An alternative to the TG-ROC graphical procedure is a statistical approach, named “mixture model analysis,” that enables the numerical selection of a cutoff in the situation where the distribution of Ct values from the target population is bimodal (mixture of the underlying distributions of D− and D+). 4 However, the distribution of Ct values is rarely expected to be bimodal because D− individuals will most likely not obtain a Ct value.

Cost of misclassification

The cost of a misclassification is a relative concept that can refer to either the economic value (e.g., treatment cost) or to the clinical and psychological consequences of a misclassification (e.g., fatal disease, treatment safety). A parameter, r, which represents the relative cost of misclassification was developed and is computed by dividing the cost of false-negative (misclassification in D+) by the cost of false-positive (misclassification in D−). 22 Misclassification costs, depending on the context, are usually different (r ≠ 1), although they can be equal (r = 1).

Differing misclassification costs (r ≠ 1). In the misclassification cost approach, the Ct cutoff will be selected such that the overall cost is minimized. The proportional cost of misclassification can be computed and monitored across Ct values by using the following equation 3 :

\begin{array}{l} P r o p o r t i o n a l c o s t = r \times P \times (1 - D S e) \\ + (1 - P) \times (1 - D S p) (7) \end{array} ​

For instance, proportional costs were computed for a fixed prevalence (P = 10%) and by using different values of r across Ct cutoff with the TG-ROC plot (Fig. 3E). When r = 2 (cost of false-negative is twice the cost of a false-positive), the curve clearly showed a minimum (Fig. 3E, line A). When r < 1 (cost of false-negative is inferior to the cost of a false-positive), the curve reached a minimum at Ct cutoff = 0 when r = 0.5 (Fig. 3E, line B). For any given prevalence, the minimum of the proportional cost curve (Ct cutoff) moves toward the right (more sensitive test with less false-negative) as r increases (misdiagnosed D+ are becoming more costly). In addition, regardless of r, the Ct cutoff moves toward the right when prevalence increases. Indeed, with an increasing proportion of infected in the population, the proportional cost is more influenced by the probability of false-negative (eq. [7]), which decreases with higher Ct cutoff (more sensitive test).
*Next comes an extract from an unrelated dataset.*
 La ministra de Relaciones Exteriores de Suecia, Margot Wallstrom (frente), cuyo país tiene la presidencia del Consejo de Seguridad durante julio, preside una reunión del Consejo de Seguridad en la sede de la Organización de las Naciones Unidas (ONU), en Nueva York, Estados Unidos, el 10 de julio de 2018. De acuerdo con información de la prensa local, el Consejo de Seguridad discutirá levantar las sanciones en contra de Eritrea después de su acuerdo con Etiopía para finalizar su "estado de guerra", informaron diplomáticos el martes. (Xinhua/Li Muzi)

Equal misclassification cost: efficiency (r = 1). In this particular case, the cost is the same for a false-positive and a false-negative. According to equation (7), for r = 1, the proportional cost equals P × (1 − DSe) + (1 − P) × (1 − DSp). The equation also reflects the inefficiency (Inef) of the assay (proportion of overall misclassified) in contrast to the previously defined efficiency (Ef). The cutoff is then set such that the Inef is minimized (or Ef maximized; Fig. 3E, line C).

In summary, the intended purpose of the test is critical to identify the targeted operating characteristic of the test and to select the Ct cutoff accordingly. Additional parameters, depending on the justification and the approach, may have to be considered (e.g., prevalence or cost). However, DOR represents a good compromise to optimize the average test performance for positive and negative tests without depending on prevalence.
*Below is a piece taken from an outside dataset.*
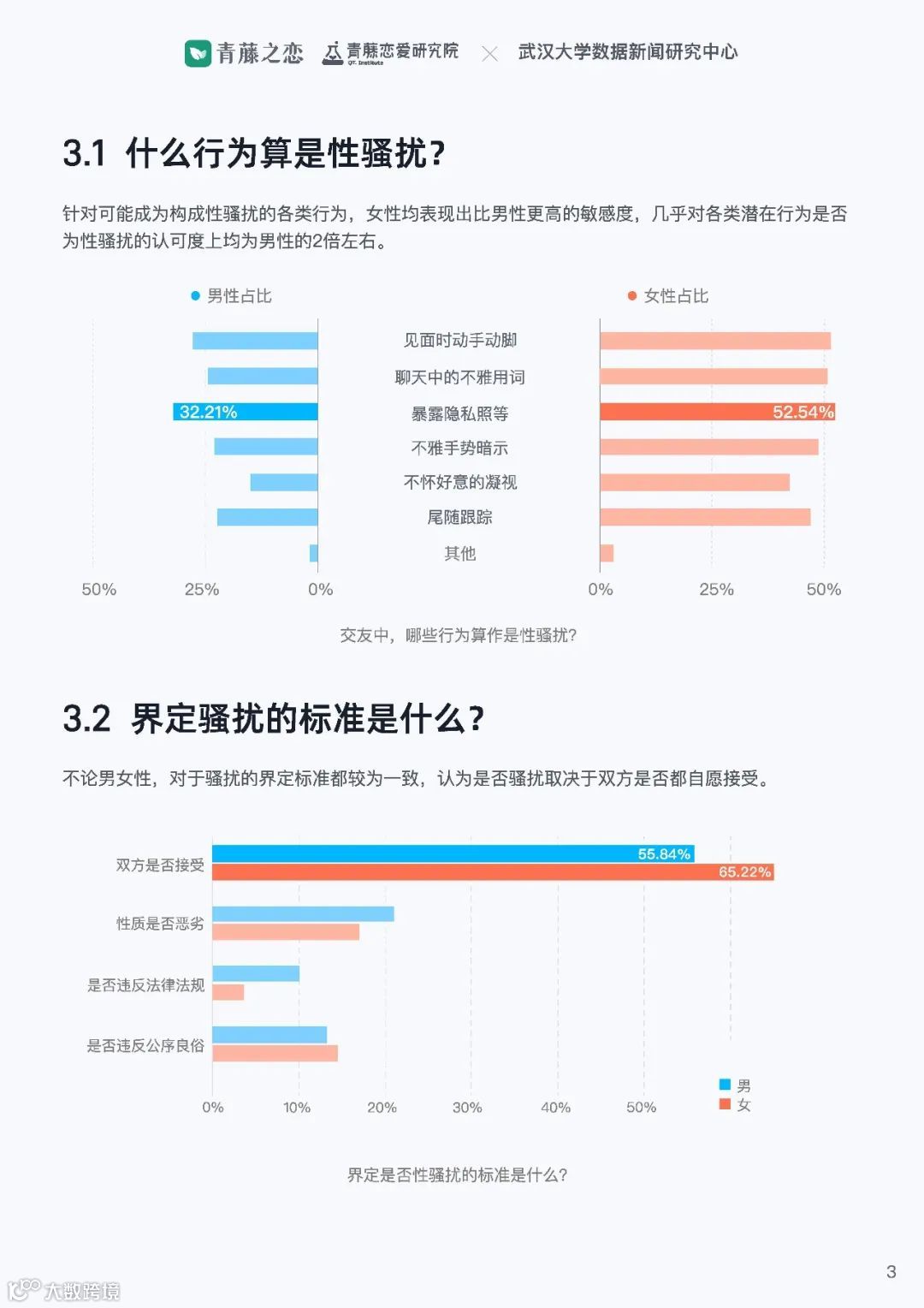 报告指出,女性对于可能构成性骚扰的行为表现出比男性更高的敏感度。在界定性骚扰的标准上,大多数人认为是否骚扰取决于双方是否都自愿接受。而对于PUA现象,女性对于各类可能是PUA现象的行为认识远比男性更为敏感。

Illustrations with an application

Background

The following example focuses on the application of epidemiologic criteria to select Ct cutoffs. A qRT-PCR test was recently developed and evaluated to detect ISAV in kidney samples of cultured Atlantic salmon in Canada (Caraguel CGB: 2010, Evaluation of factors affecting the performance of diagnostic tests for infectious salmon anaemia virus. University of Prince Edward Island, Charlottetown, PEI, Canada). The assay used was a TaqMan probe b in addition to a pair of primers to amplify a 120–base pairs fragment of the eighth RNA segment of the viral genome. Analytically, the fluorescence threshold was set by the computer software associated with the thermocycler. d The reaction included a maximum of 45 cycles so that even a low copy number of targets would be amplified and detected. The initial purpose of this test was to demonstrate freedom from infection in a defined population of cultured salmon.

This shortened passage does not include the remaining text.